Natia Fieber works behind the counter at Lotusland’s Kitsilano location.

“We’re really honest here,’” she says. “If I’m not sure, I’ll tell our clients that. In the worst-case scenario, I can always call the owner. And if the owner doesn’t know, we’ll call the [product] rep.”

Fieber says the quality of dispensaries varies across the city, with some shops focused on sales and recreational use rather than medical guidance.

“Some dispensaries just let their employees blaze up and get high,” she says.

“We have a regular who has epilepsy and he had a seizure in here once and we had to deal with that. But if you’re blitzed out of your mind, you’re not going to be able to do that.”

Councillor Kerry Jang, who spearheaded the city’s marijuana bylaws, urges users to adopt a “buyer beware” attitude.

“You’re having to take that person’s word for it,” he says about budtenders. “Buddha Bliss could be something in one dispensary and something quite different in another.”

Regulations around educating and certifying dispensary employees would be up to the provincial and federal governments, says Jang, a professor of psychiatry at UBC.

“We are living in a purgatory and it’s really unfortunate we haven’t seen any leadership on this bylaw at all.”

The federal Liberals have promised to legalize marijuana by July 1, 2018, according to a CBC report. It will be up to provinces to regulate the the distribution and sale of marijuana.

The government’s cannabis secretariat did not respond to repeated requests for comment.

‘It’s been quite the journey’

After spending thousands of dollars experimenting with federal producers, De Villa finally found the right treatment for his epilepsy a year ago.

In his kitchen, De Villa fishes in a cupboard for the epilepsy medication — a benzodiazepine — he takes in small doses every day. He also pulls out two brightly coloured bottles of CBD tincture — liquid extracts from cannabis.
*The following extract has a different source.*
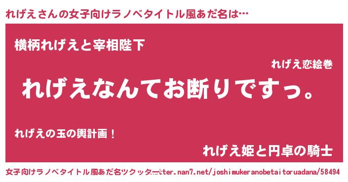 | ヘコむあだ名 | 『れげにゅー』『れげえ(爆)』『豆乳』 |

John De Villa sits in the kitchen of his Burnaby condo with the cannabis and epilepsy medication he takes every day.

He says doctors are shocked by his recovery, an 85-per-cent return to bodily and brain function. He hasn’t had a seizure since last summer. One of his latest victories was regaining his driver’s licence.

De Villa spoke at Gonzalez’ “Master Budtender” workshop last weekend and says he was inundated with dispensary owners who asked him to share his story.

He’s now developing an online database with Gonzalez for medicinal users, which will give treatment advice based on conditions such as Lyme disease and epilepsy.

“I want to give back to people like myself and prevent what I went through at the beginning of my cannabis journey,” he says.